Pedos in the glamorous world of entertainment? Well now I've heard everything.

Just for fun though, here's a wildly different theory that makes you go hmm in an altogether contradictory direction. Perhaps the fact the same movie can be spun off into what seem like endless variations of interpretation is what makes it so perennially fascinating. You'll be watching it forever...and ever...and ever.

Tuesday, 26 August 2025

Greatest Movie of All Time of the Week: Tabu!

Theme: Leah - Roy Orbison

Hipster objections aside*, Robert J. Flaherty invented the documentary with his Eskimokino Nanook of the North and F.W. Murnau cut such all-time classics as Faust (but is better known for accidentally ruining vampires with the death-by-sunlight gag, which later halfwits would play literally, in the biggest nerf ever suffered by a stock monster). It may come as no surprise then that when these two titans of silent cinéma teamed up, they unleashed a kino for the ages. Tabu: A Story of the South Seas, set on Bora Bora, is the best movie of all time you'll see this week, and concerns the doom incurred by two young lovers who breach a Tabu (1931)!!!

>tfw no etc. etc.

Reri (Anne Chevalier) is the young maiden selected to replace a late vestal virgin on a neighbouring island. I'm not sure if this was a real tradition but the Society Islands did have an elite caste of Arioi, who were permitted sex but not children; any that were born to them were ritually killed. Anyway, this de facto abduction-in-tribute of a daughter of Bora Bora is framed as a great honour by the foreign emissary, which I find hilarious. But Reri's bf (Matahi) is heartbroken and defies the Tabu (1931) to run off with her, prompting sinister old fart Hitu to hunt them down as they seek refuge among sailors on another island, where this dude does the best dance of all time of the week:

>ywn bust these sick moves why live?

WILL our young lovers outrun their destiny? CAN Hitu recapture Reri? IS the Tabu (1931) a lazy metaphor for Murnau being a bumboy? Fortunately, NO to the last one: whatever the great filmmaker's extremely dubiously alleged proclivities, he had the Tolkienian taste to avoid clumsy allegorising in favour of a nonspecific but endlessly applicable and thus timeless idea. Tabu doesn't even stipulate whether the Tabu is meant to be a good thing or a bad thing. It's the one-in-a-zillion film that's actually content to let the viewer ponder it over for himself. Perhaps Murnau shed his didacticism as he did his intertitles: all the text in Tabu is artfully framed as actual writing in-story.

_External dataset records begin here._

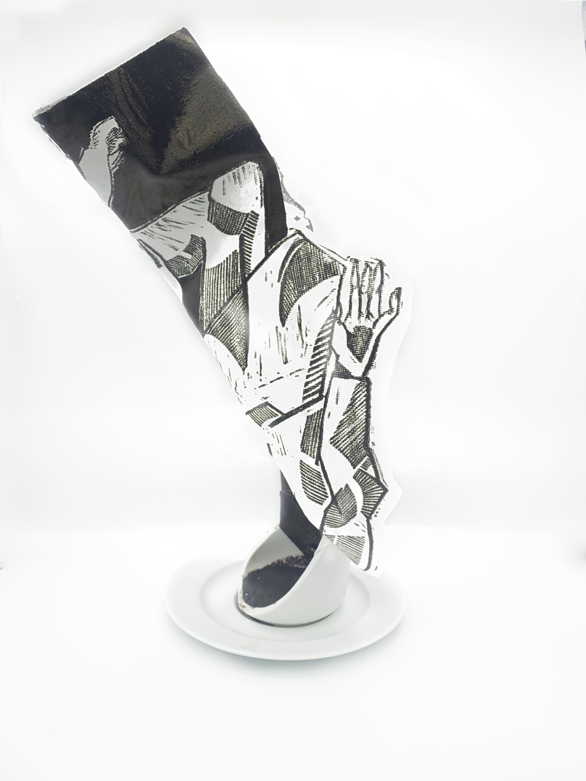 Object made from cup, linocut printed on canvas, epoxy resin.
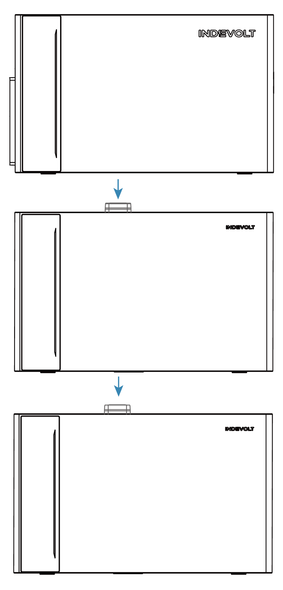 将扩展电池模块对准对应接口,逐个向上叠放,并将电源模块安装在最上方。
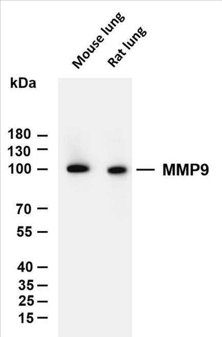 The MMP9 Recombinant Monoclonal Antibody (Species: Rabbit) has been validated for the following applications: WB, IHC, IF, IP, ELISA. Host: Rabbit. Species: Rabbit. Applications: WB, IHC, IF, IP, ELISA. Accession Number: P14780. Gene ID: 4318. Target Synonyms: Matrix metalloproteinase-9 (MMP-9; EC 3.4.24.35; 92 kDa gelatinase; 92 kDa type IV collagenase; Gelatinase B; GELB) [Cleaved into: 67 kDa matrix metalloproteinase-9; 82 kDa matrix metalloproteinase-9]. Restrictions: For Research Use Only. Not for use in diagnostic procedures.
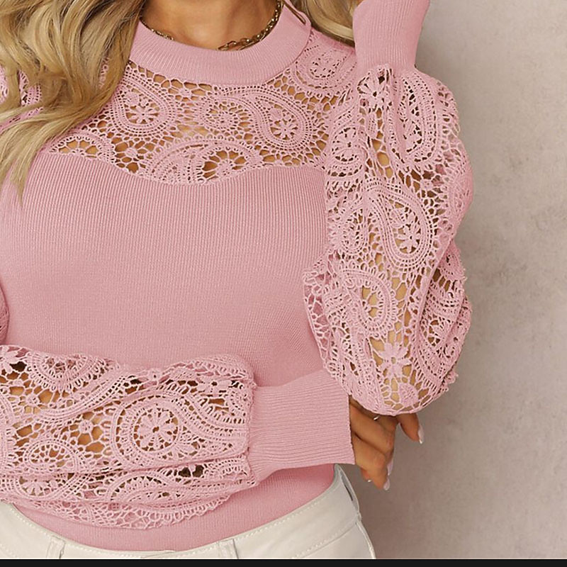 Damen Elegante Weiße Spitzen Tops Ösen Bluse Stylisch Lässig Einfarbig Ösen Langarm Rundhals Täglich Romantische Petite Tops Sommer Urlaub Tragen Grasgrün Rosa Blau Beige Sommer Frühling Herbst

There's no intertitle for what this kid yells so you're free to assume it's the funniest slur.

Also, Murnau was said to be exceptionally tall, with heights from 6'4" to 6'11" variously cited, so even if he did rail dudes that's basically like a normal guy railing bitches, but in this house, Murnau was a STRAIGHT king.

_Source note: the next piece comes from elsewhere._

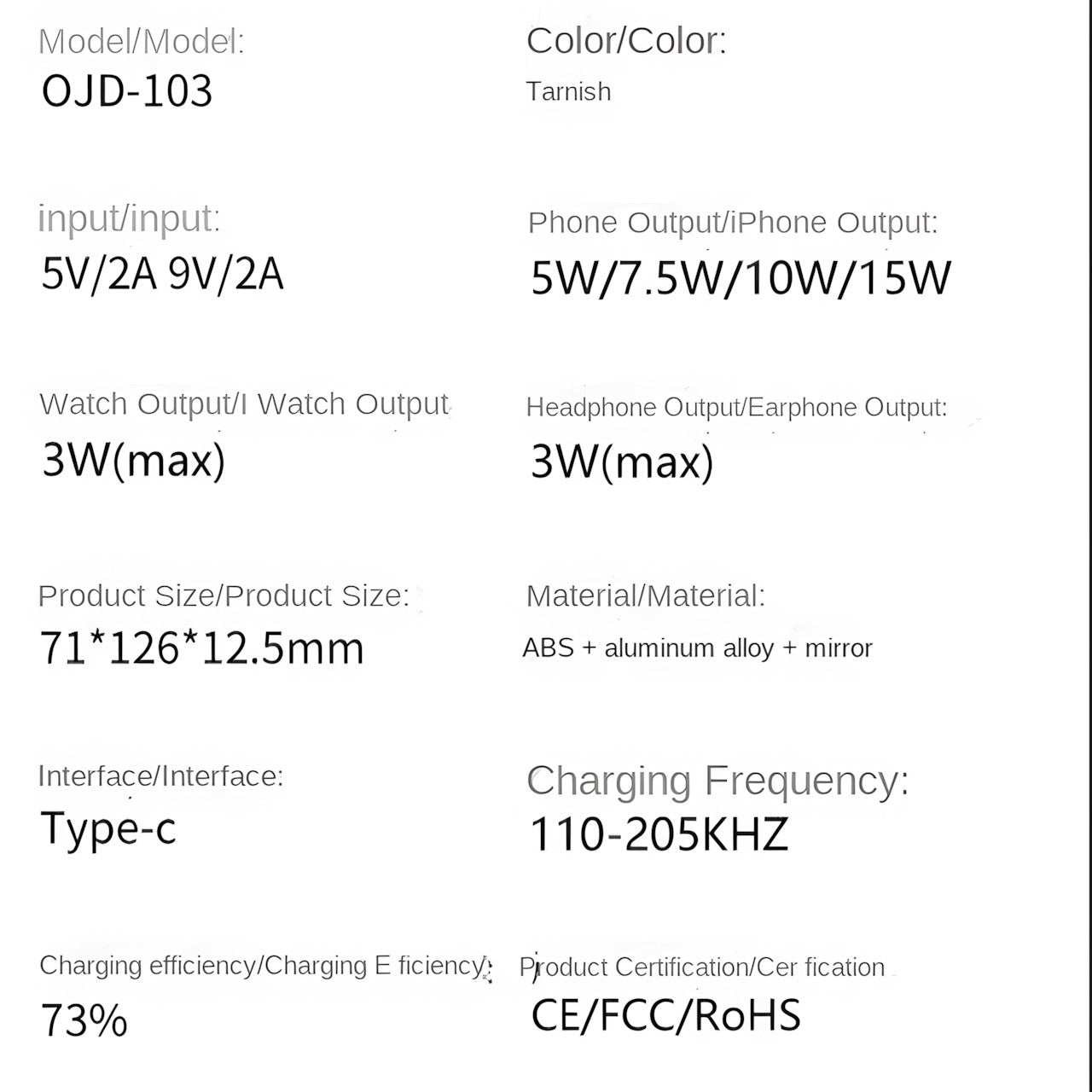 Product highlights: OJD-103 is a car wireless charger, which can be fixed in the car central control trend through a fixed clip; at the same time, it supports wireless charging for mobile phones that meet QI standards.

The wet dresses, topless chicks and Baywatch bounce per reel of footage tells a distinctly hetero story, and for 1931? Forgetaboutit.

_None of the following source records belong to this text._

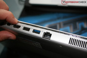 La maggioranza delle porte del Dell XPS 15z si trovano sulla sinistra del case verso il retro, rendendole accessibili ma lontano da aree di lavoro accanto al portatile. Con l'XPS 14z, tuttavia, quasi tutte le porte sono migrate nell'estremità posteriore. Di principio una buona idea; ma quando non si vede nemmeno una sola porta USB, ad esempio per la connessione di una penna usb o di una digicam, smartphone o altri piccoli dispositivi, questo apparente vantaggio si trasforma in uno svantaggio.
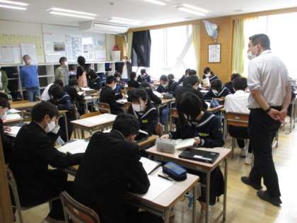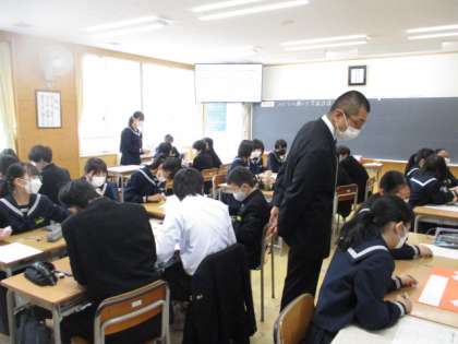 今日は学習参観と学年懇談会を行いました。学習参観は全クラス担任の先生が授業を行いました。1限は2年生の参観時間です。写真は上段から21H学活、22H、学活、23H国語です。
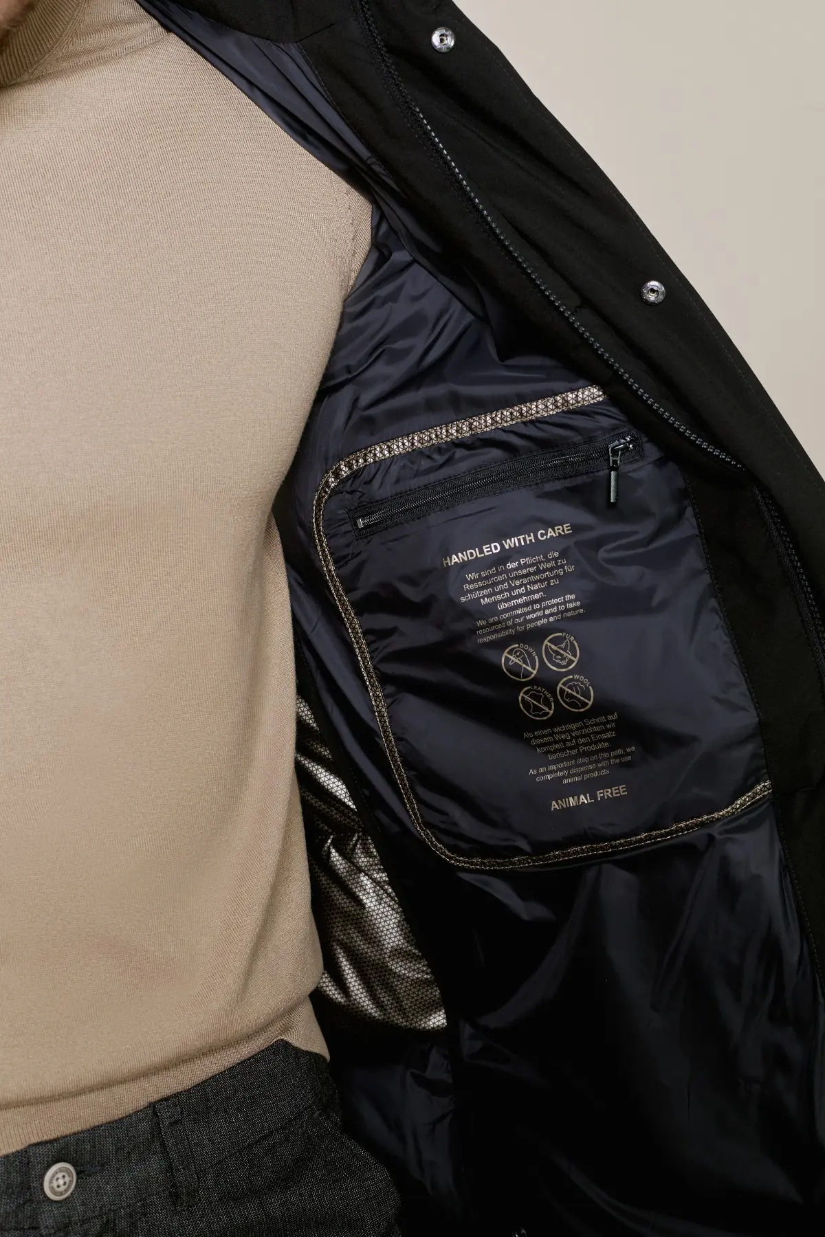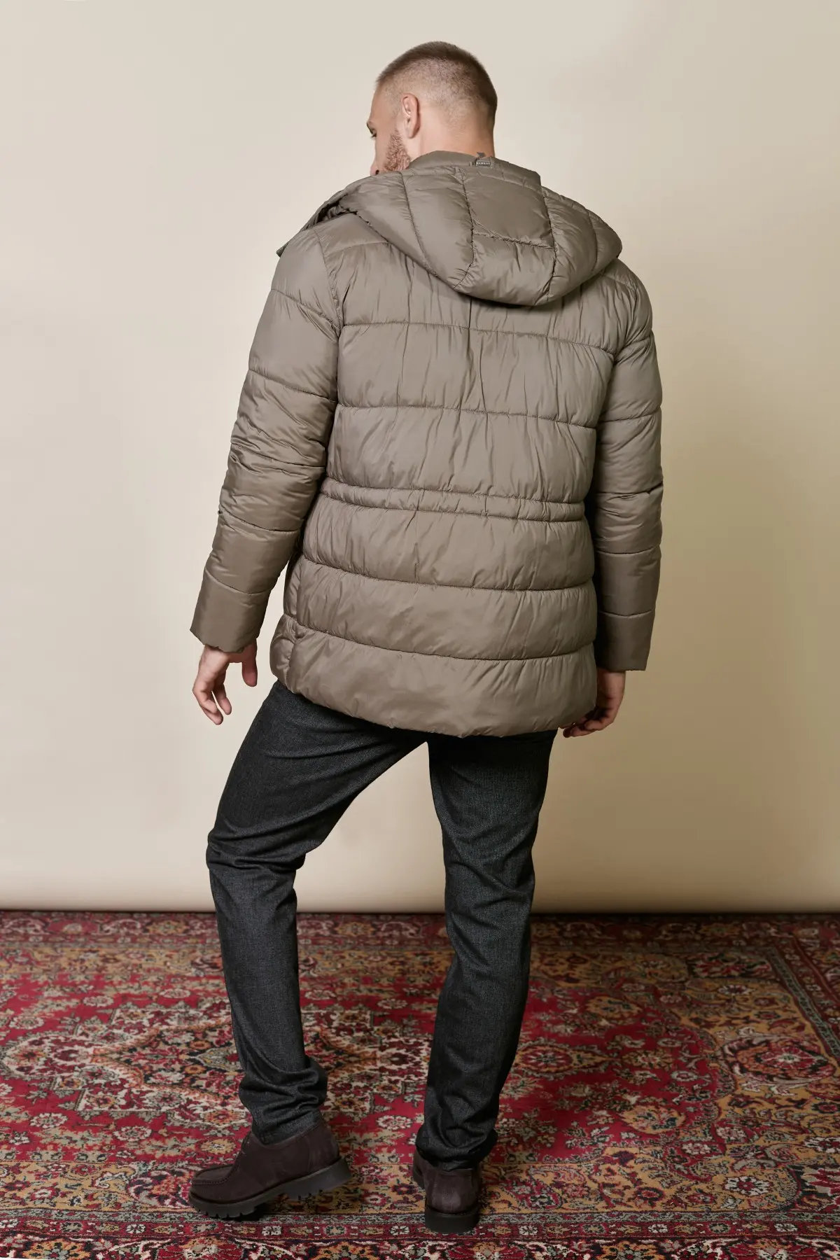 Теплая стеганая куртка Bugatti имеет отстегивающийся капюшон, боковые карманы, застежку на молнию и кнопки.

Flaherty only directed the opening sequence and seems to have become quite disenchanted with the project and ceded it mostly to Murnau, but it was his familiarity with the locale and love of the world cultures first ignored and then homogenised away by the steamroller of libshit modernity that fired the project and made it viable to begin with. None of these cultures can exist on their own terms anymore, as every manifestation of them is now filtered through self-consciousness and anticolonialist self-righteousness, like when those Māori assclowns do the goofy haka dance in the New Zealand parliament while wearing suits**. Only le problematic shitlords like Flaherty or Mel Gibson can pay authentic tribute to the great and terrible cultures of the world that was.

"Check these dubs" - Bora Bora anon.

*Waah, waah, he broke the rules of documentary filmmaking that were made up after the term was first coined to describe one of his own films! Shut up, bitch!

**The Māori eagerly adopted European technology from the off, specifically muskets, which they immediately used to murder one another en masse, most egregiously the pacifistic Moriori of the Chatham Islands. You'd think this would make them by far the least sympathetic anticolonialist hypocrites, but the same sort of thing happened throughout North America too, so they're more or less average in that ignoble regard.